--- TASK ITEM ---
Transcribe, starting at the line with "- Создание шаблона совещания" and ending at the line with "長方形の器形で、器体は重厚で", every line of the material below exactly, but leave out the pictures and anything outside that span.

--- MATERIAL FOR THIS EXERCISE ---
──────────────────────────────

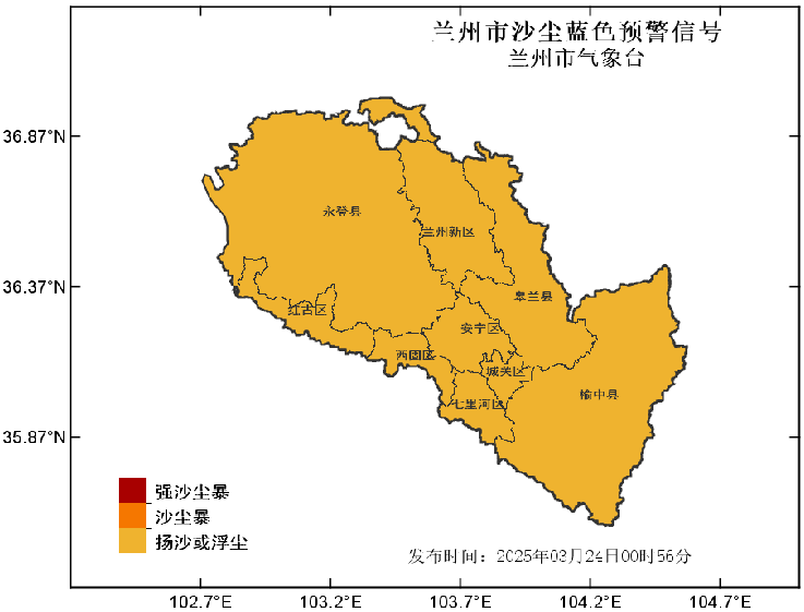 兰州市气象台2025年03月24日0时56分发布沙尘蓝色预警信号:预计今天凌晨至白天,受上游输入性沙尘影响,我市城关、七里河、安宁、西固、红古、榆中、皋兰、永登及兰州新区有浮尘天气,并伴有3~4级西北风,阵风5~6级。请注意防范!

──────────────────────────────

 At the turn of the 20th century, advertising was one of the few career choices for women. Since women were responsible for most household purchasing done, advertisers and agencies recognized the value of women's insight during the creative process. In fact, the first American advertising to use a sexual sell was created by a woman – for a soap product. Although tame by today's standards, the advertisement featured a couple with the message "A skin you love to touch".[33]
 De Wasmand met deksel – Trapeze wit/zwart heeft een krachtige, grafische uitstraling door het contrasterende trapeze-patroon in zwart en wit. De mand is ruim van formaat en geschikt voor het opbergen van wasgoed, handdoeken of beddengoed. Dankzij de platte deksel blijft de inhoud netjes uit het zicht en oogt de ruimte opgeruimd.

──────────────────────────────

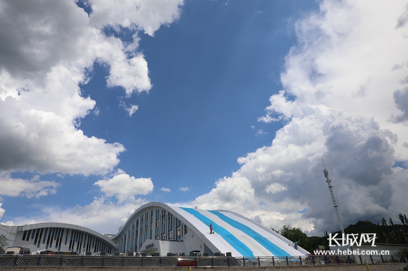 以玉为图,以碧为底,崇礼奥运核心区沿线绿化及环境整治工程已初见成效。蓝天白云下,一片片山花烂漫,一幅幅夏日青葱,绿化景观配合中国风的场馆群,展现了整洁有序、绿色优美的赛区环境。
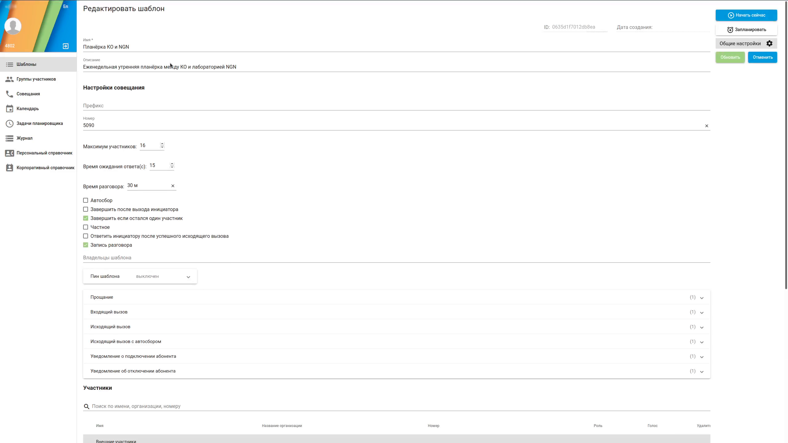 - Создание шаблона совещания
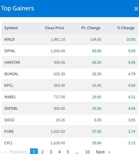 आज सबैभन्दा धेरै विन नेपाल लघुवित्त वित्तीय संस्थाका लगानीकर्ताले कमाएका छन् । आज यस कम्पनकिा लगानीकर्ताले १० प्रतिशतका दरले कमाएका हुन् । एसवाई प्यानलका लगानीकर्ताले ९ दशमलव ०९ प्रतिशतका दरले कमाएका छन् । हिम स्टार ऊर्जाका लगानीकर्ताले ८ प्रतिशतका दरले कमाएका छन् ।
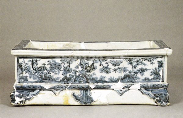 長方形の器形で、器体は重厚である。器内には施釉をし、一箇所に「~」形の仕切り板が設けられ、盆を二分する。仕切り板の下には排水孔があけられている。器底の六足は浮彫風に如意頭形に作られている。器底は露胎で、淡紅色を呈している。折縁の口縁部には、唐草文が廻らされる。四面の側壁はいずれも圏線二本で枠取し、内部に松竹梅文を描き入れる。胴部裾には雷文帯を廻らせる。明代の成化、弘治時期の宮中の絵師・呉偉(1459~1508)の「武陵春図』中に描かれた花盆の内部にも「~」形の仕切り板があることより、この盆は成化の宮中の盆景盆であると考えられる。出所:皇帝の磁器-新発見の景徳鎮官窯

──────────────────────────────

--- OUTPUT OF THE TASK ---
 - Создание шаблона совещания
 आज सबैभन्दा धेरै विन नेपाल लघुवित्त वित्तीय संस्थाका लगानीकर्ताले कमाएका छन् । आज यस कम्पनकिा लगानीकर्ताले १० प्रतिशतका दरले कमाएका हुन् । एसवाई प्यानलका लगानीकर्ताले ९ दशमलव ०९ प्रतिशतका दरले कमाएका छन् । हिम स्टार ऊर्जाका लगानीकर्ताले ८ प्रतिशतका दरले कमाएका छन् ।
 長方形の器形で、器体は重厚である。器内には施釉をし、一箇所に「~」形の仕切り板が設けられ、盆を二分する。仕切り板の下には排水孔があけられている。器底の六足は浮彫風に如意頭形に作られている。器底は露胎で、淡紅色を呈している。折縁の口縁部には、唐草文が廻らされる。四面の側壁はいずれも圏線二本で枠取し、内部に松竹梅文を描き入れる。胴部裾には雷文帯を廻らせる。明代の成化、弘治時期の宮中の絵師・呉偉(1459~1508)の「武陵春図』中に描かれた花盆の内部にも「~」形の仕切り板があることより、この盆は成化の宮中の盆景盆であると考えられる。出所:皇帝の磁器-新発見の景徳鎮官窯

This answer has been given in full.